- Born: August 2, 1918 Bloomington, Illinois, United States
- Died: April 12, 2004 (aged 85)
- Education: University of Chicago
- Known for: J-homomorphism
- Scientific career
- Fields: Mathematics
- Workplaces: Massachusetts Institute of Technology
- Doctoral advisor: Norman Steenrod
- Doctoral students: Robert Aumann Edgar H. Brown, Jr. John Coleman Moore

= George W. Whitehead =

American mathematician

George William Whitehead, Jr. (August 2, 1918 – April 12, 2004) was an American professor of mathematics at the Massachusetts Institute of Technology, a member of the United States National Academy of Sciences, and a Fellow of the American Academy of Arts and Sciences. He is known for his work on algebraic topology. He invented the J-homomorphism, and was among the first to systematically calculate the homotopy groups of spheres. He is also central to the study of stable homotopy theory, in particular making concrete the connections between spectra and generalized homology/cohomology theories.

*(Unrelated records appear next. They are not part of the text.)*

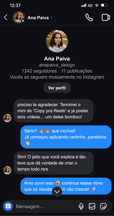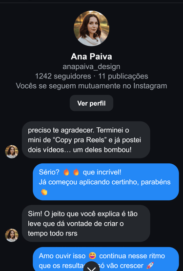 "Terminei de “Copy pra Reels” e já postei dois vídeos… um deles bombou! 😍" - Ana
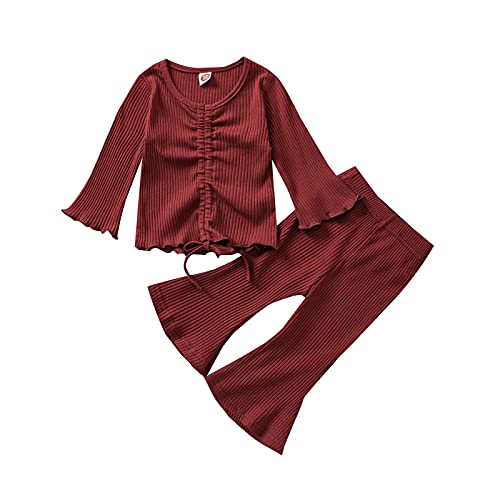 Verve Jelly Bambini Neonate 2 pezzi Pantaloni svasati lavorati a maglia Outfit Halter Tinta unita T-shirt con coulisse Top Pantaloni a zampa Set rosso 120 4-5 anni
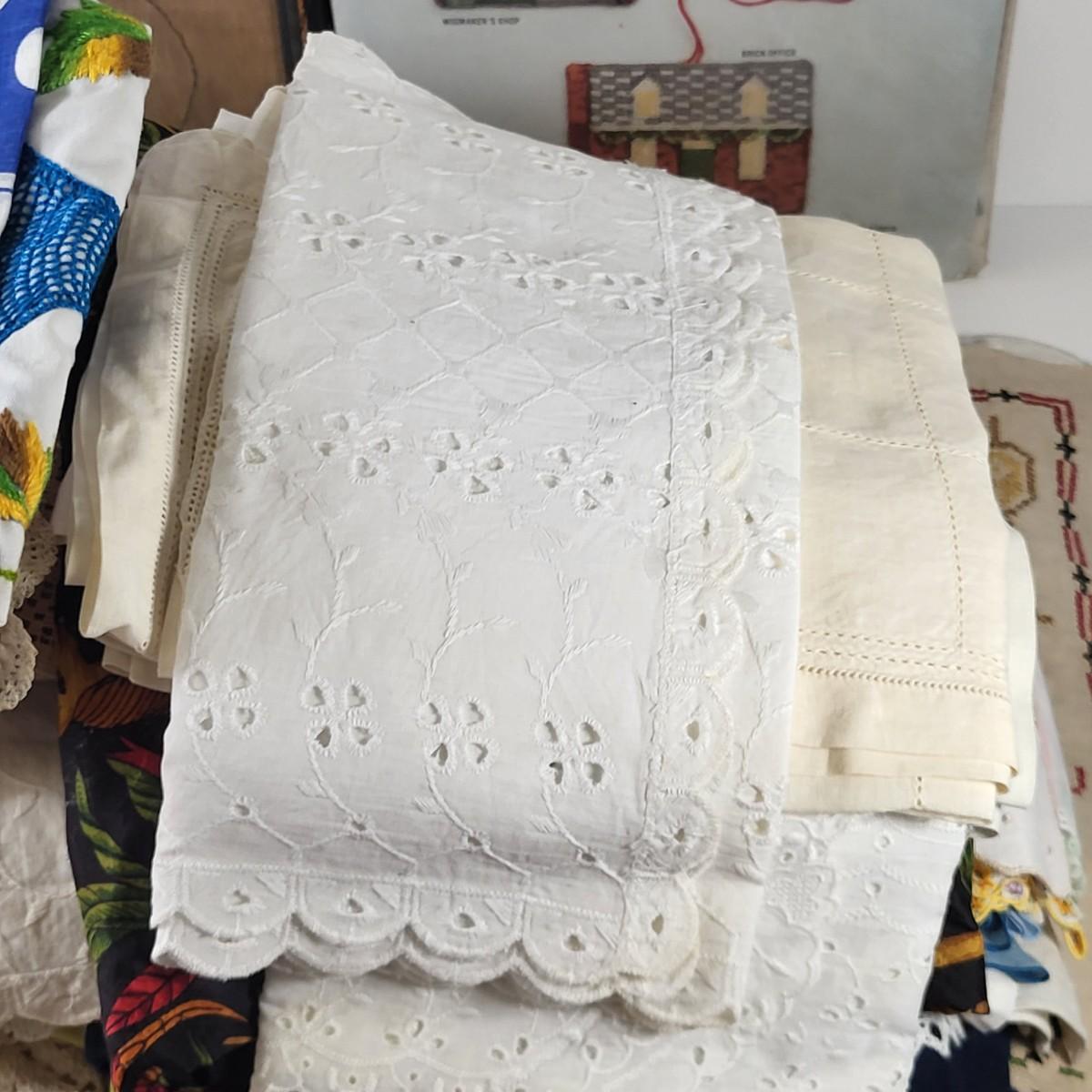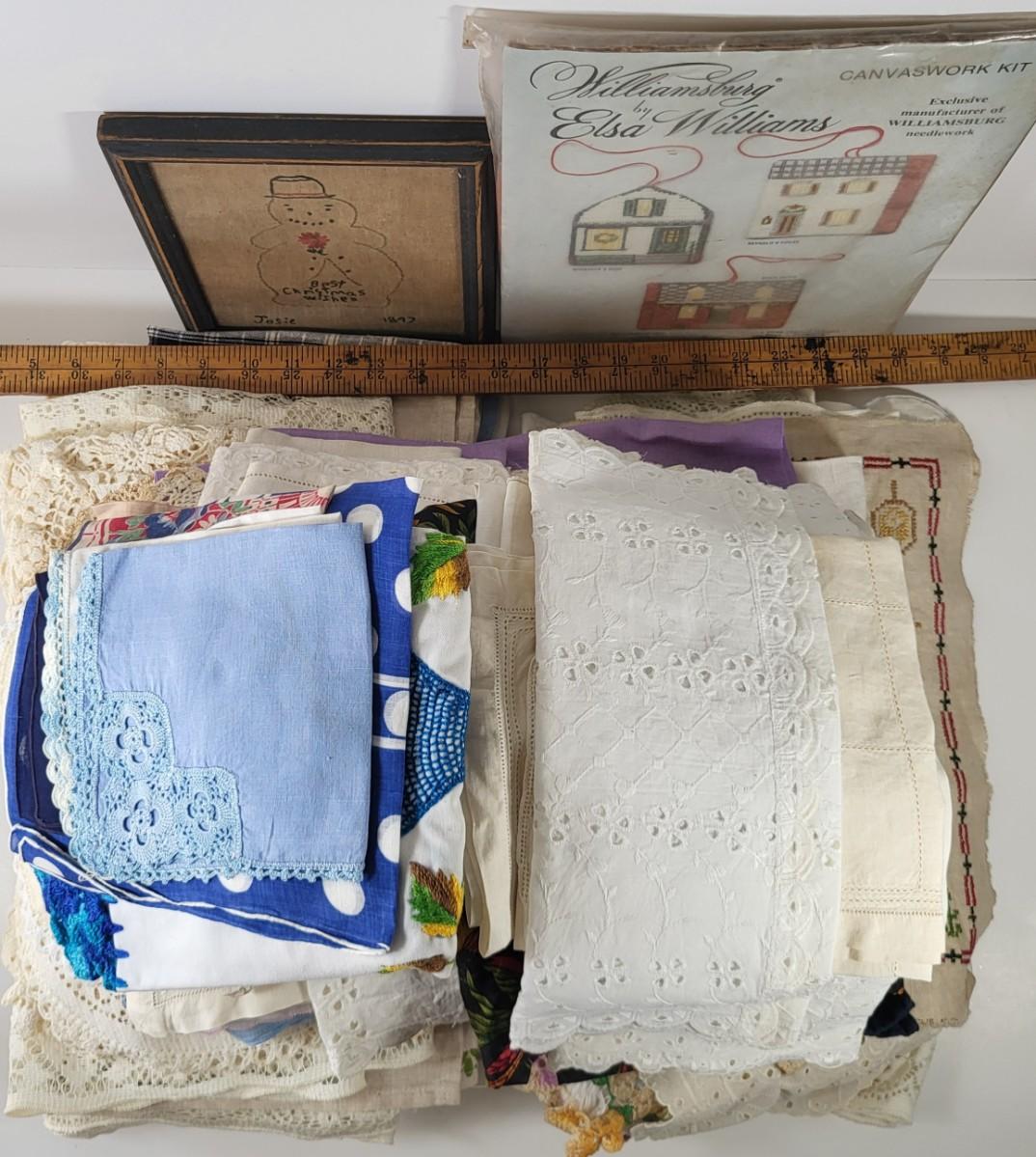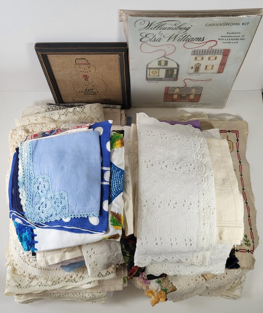 LOT 10G: Large Collection of Decorative Linen's with Art Kit and Vintage Snowman Framed Artwork

Whitehead was born in Bloomington, Illinois, and received his Ph.D. in mathematics from the University of Chicago in 1941, under the supervision of Norman Steenrod. After teaching at Purdue University, Princeton University, and Brown University, he took a position at MIT in 1949, where he remained until his retirement in 1985. He advised 13 Ph.D. students, including Robert Aumann, Edgar Brown, Jr., and John Coleman Moore, and has over 1,940 academic descendants (as of 2025).

He was a member of the American Academy of Arts & Sciences (elected in 1954) and the United States National Academy of Sciences (elected in 1972).

==Selected publications==
- Whitehead, George William (1978). "Elements of homotopy theory"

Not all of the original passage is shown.